**Task prompt:** Repeat only the lines below that run from the line with "Spark conversation and" to the line with "現場は築40年ほどの一戸建て", ends included; skip every picture.

**Information given:**
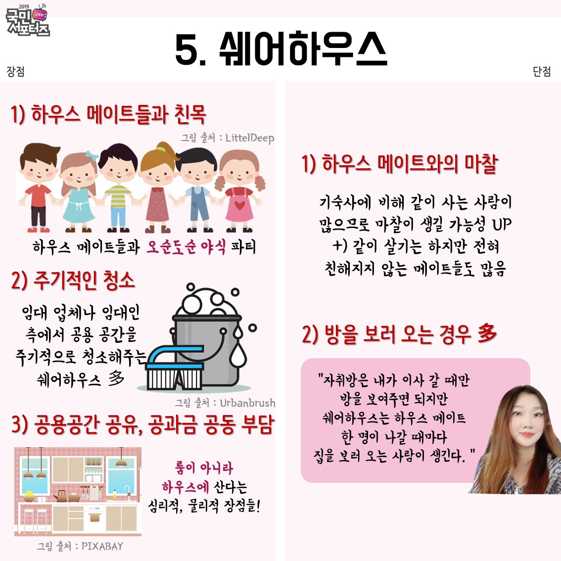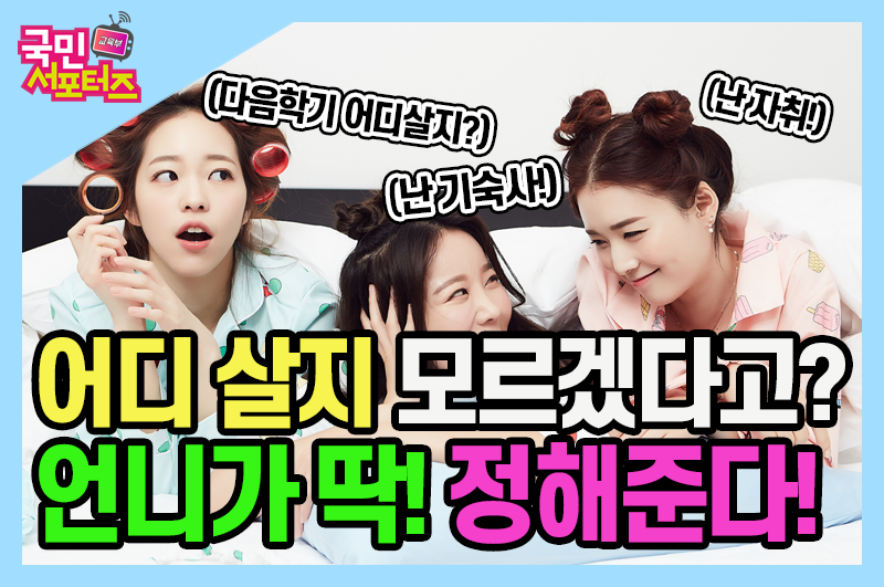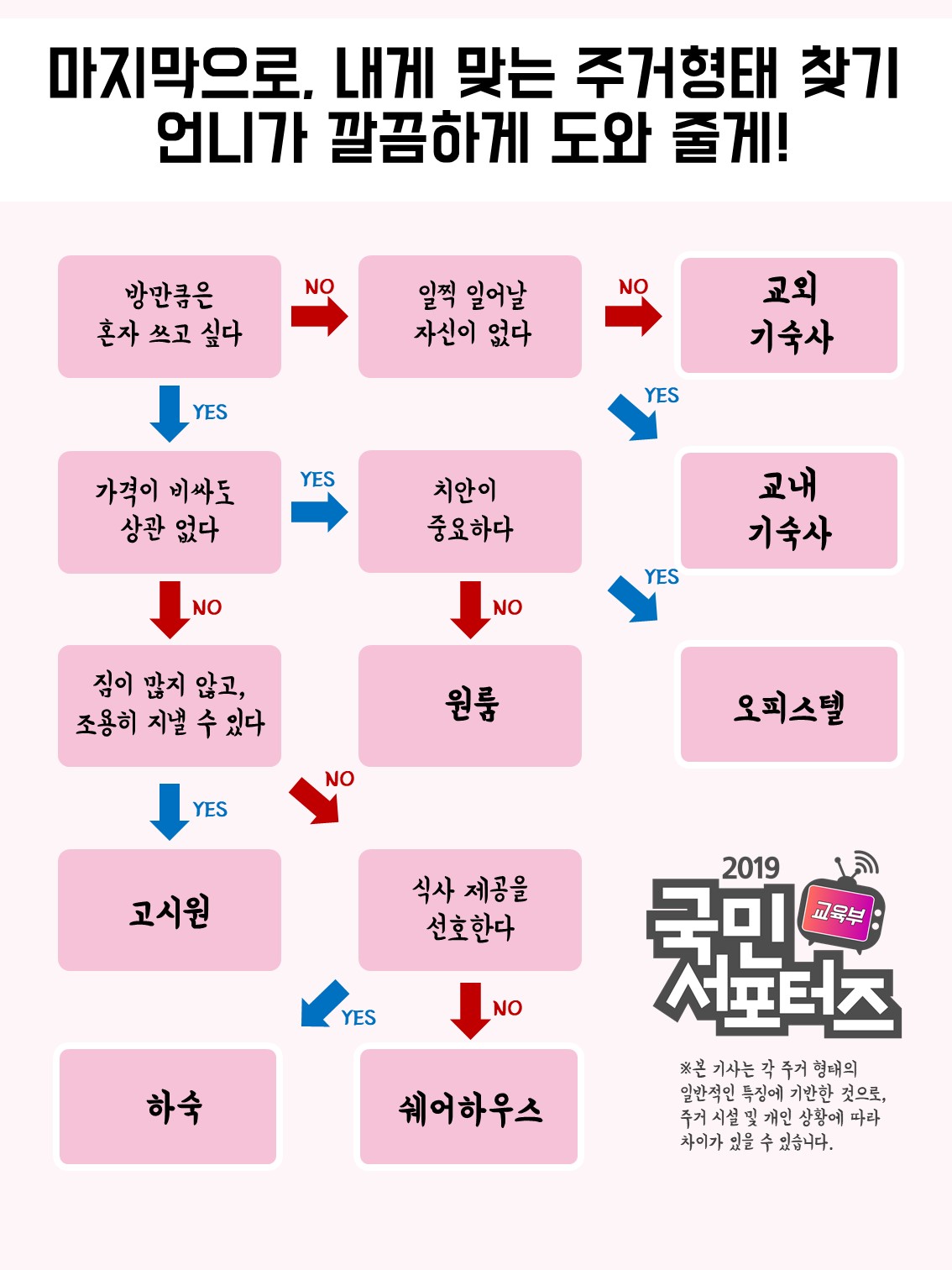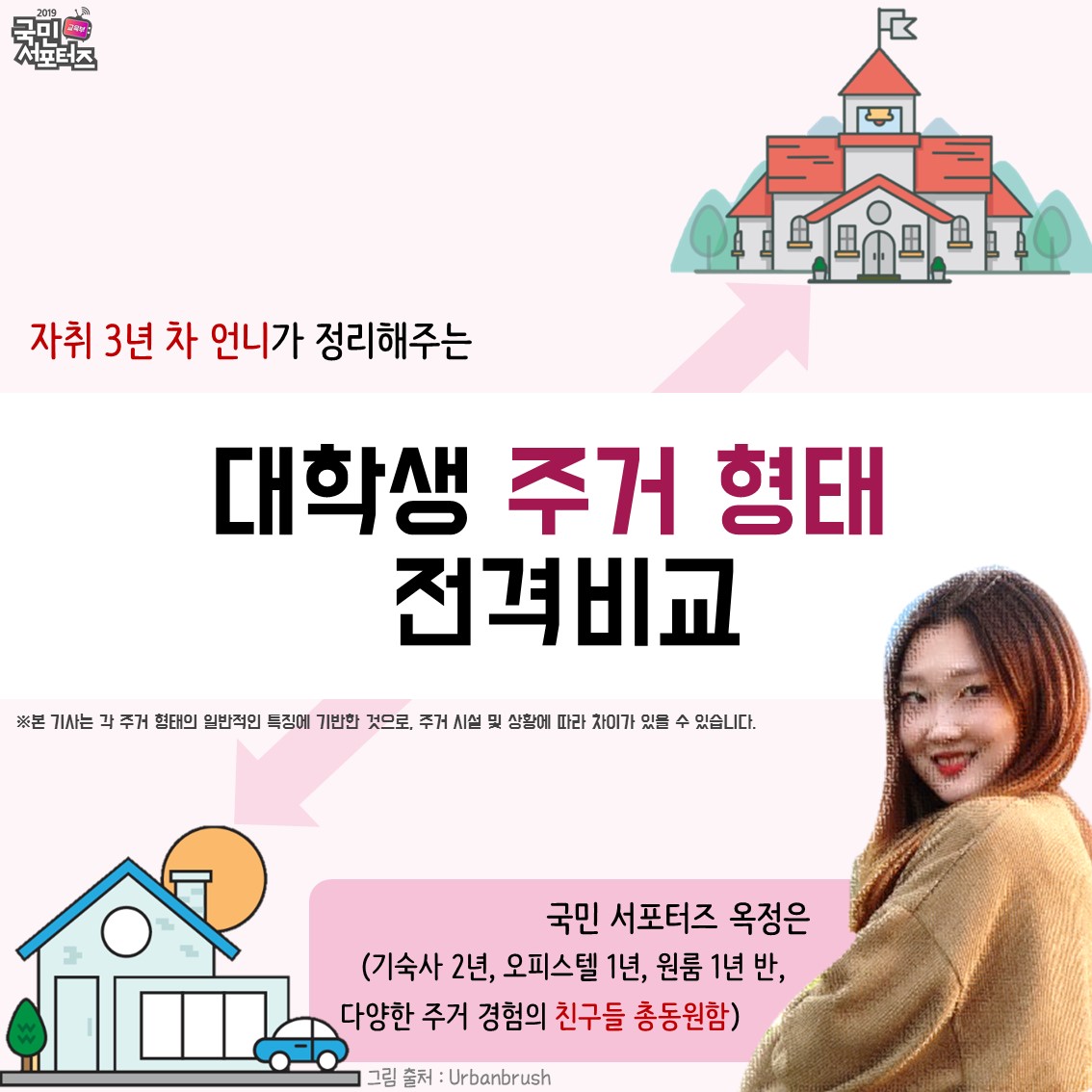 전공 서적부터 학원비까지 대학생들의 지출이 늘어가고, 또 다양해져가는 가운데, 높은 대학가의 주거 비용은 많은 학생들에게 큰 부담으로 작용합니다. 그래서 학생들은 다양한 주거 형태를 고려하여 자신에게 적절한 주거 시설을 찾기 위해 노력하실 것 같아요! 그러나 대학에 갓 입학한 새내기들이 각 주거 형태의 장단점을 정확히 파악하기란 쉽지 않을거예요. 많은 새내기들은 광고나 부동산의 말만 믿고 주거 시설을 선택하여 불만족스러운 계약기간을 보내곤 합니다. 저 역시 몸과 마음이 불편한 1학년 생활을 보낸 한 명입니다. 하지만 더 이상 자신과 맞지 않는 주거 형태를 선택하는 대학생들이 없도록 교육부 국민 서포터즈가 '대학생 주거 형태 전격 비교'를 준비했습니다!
* * *
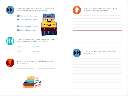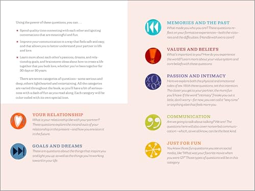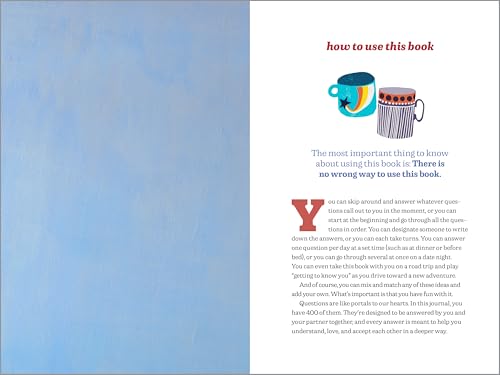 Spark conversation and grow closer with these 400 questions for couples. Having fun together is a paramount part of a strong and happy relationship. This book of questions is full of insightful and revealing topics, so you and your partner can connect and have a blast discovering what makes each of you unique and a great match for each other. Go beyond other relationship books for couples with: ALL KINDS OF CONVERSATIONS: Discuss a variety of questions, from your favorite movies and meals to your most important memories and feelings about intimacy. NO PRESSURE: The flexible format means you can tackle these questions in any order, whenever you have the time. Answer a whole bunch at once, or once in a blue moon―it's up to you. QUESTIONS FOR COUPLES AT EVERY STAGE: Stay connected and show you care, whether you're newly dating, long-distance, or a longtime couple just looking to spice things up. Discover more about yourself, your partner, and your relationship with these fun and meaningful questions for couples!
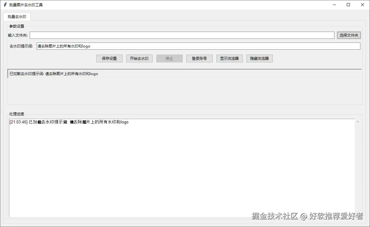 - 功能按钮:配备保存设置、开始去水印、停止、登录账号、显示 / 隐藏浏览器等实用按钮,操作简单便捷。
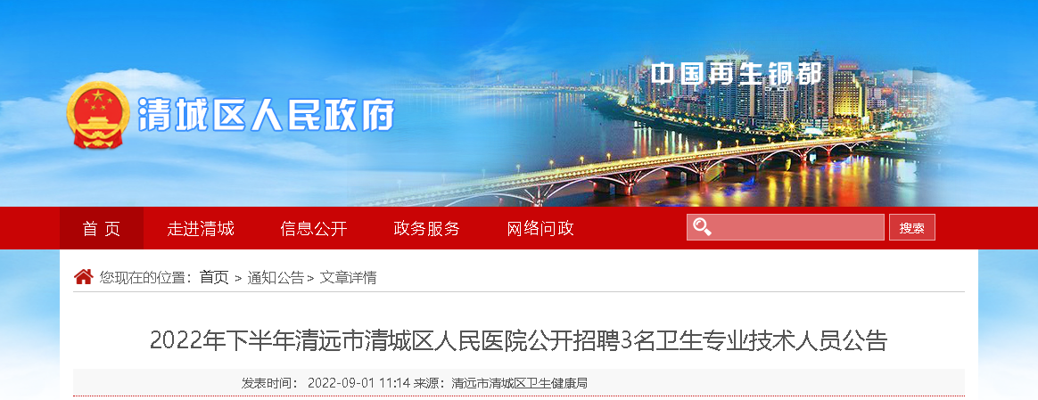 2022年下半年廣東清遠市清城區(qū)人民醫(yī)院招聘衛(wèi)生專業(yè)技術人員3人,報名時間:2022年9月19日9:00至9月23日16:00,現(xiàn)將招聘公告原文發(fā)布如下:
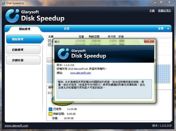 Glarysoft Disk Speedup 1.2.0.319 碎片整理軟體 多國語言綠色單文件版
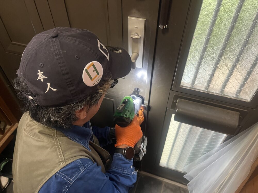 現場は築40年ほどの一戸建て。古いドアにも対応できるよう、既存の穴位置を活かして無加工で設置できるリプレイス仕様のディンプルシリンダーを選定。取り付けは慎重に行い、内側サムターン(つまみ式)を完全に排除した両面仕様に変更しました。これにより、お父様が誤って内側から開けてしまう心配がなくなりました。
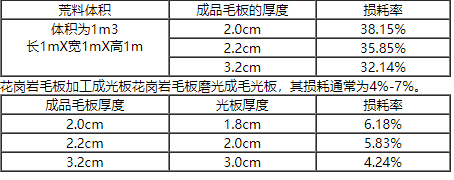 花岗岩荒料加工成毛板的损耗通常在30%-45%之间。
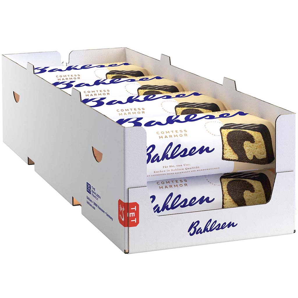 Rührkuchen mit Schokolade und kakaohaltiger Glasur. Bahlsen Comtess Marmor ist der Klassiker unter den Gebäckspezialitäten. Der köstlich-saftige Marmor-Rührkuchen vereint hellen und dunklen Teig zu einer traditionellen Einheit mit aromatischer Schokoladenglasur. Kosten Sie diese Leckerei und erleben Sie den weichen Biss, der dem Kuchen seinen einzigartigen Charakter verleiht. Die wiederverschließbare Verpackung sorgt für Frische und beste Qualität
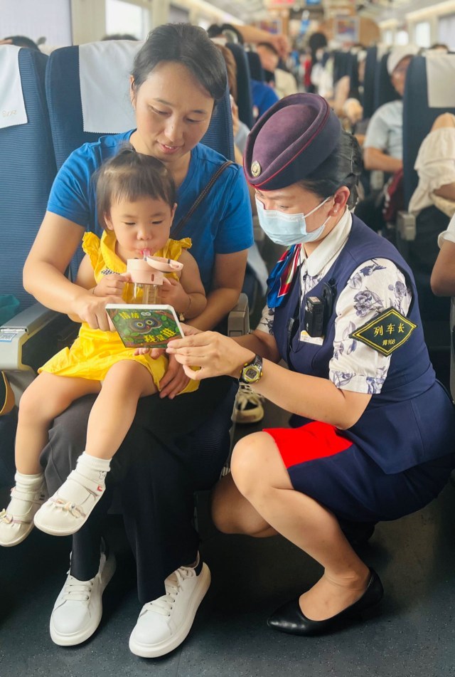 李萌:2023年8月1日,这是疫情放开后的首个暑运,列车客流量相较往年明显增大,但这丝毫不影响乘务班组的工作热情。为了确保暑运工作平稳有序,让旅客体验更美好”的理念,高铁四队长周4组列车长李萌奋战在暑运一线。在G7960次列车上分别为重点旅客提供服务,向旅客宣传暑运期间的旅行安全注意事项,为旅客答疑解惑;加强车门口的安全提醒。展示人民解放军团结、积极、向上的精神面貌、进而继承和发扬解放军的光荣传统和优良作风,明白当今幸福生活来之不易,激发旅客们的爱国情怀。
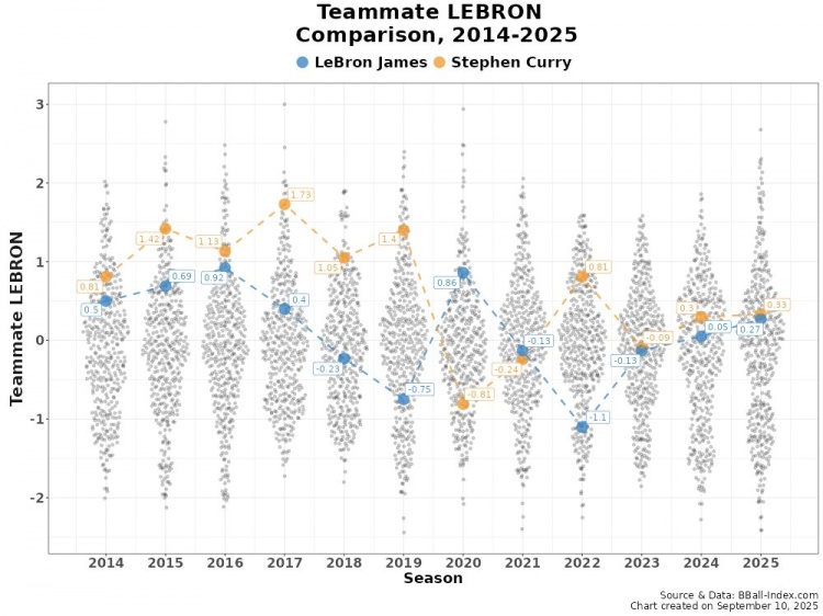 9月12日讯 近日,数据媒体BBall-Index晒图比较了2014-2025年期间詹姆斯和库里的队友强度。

**Solution to this problem:**
 Spark conversation and grow closer with these 400 questions for couples. Having fun together is a paramount part of a strong and happy relationship. This book of questions is full of insightful and revealing topics, so you and your partner can connect and have a blast discovering what makes each of you unique and a great match for each other. Go beyond other relationship books for couples with: ALL KINDS OF CONVERSATIONS: Discuss a variety of questions, from your favorite movies and meals to your most important memories and feelings about intimacy. NO PRESSURE: The flexible format means you can tackle these questions in any order, whenever you have the time. Answer a whole bunch at once, or once in a blue moon―it's up to you. QUESTIONS FOR COUPLES AT EVERY STAGE: Stay connected and show you care, whether you're newly dating, long-distance, or a longtime couple just looking to spice things up. Discover more about yourself, your partner, and your relationship with these fun and meaningful questions for couples!
 - 功能按钮:配备保存设置、开始去水印、停止、登录账号、显示 / 隐藏浏览器等实用按钮,操作简单便捷。
 2022年下半年廣東清遠市清城區(qū)人民醫(yī)院招聘衛(wèi)生專業(yè)技術人員3人,報名時間:2022年9月19日9:00至9月23日16:00,現(xiàn)將招聘公告原文發(fā)布如下:
 Glarysoft Disk Speedup 1.2.0.319 碎片整理軟體 多國語言綠色單文件版
 現場は築40年ほどの一戸建て。古いドアにも対応できるよう、既存の穴位置を活かして無加工で設置できるリプレイス仕様のディンプルシリンダーを選定。取り付けは慎重に行い、内側サムターン(つまみ式)を完全に排除した両面仕様に変更しました。これにより、お父様が誤って内側から開けてしまう心配がなくなりました。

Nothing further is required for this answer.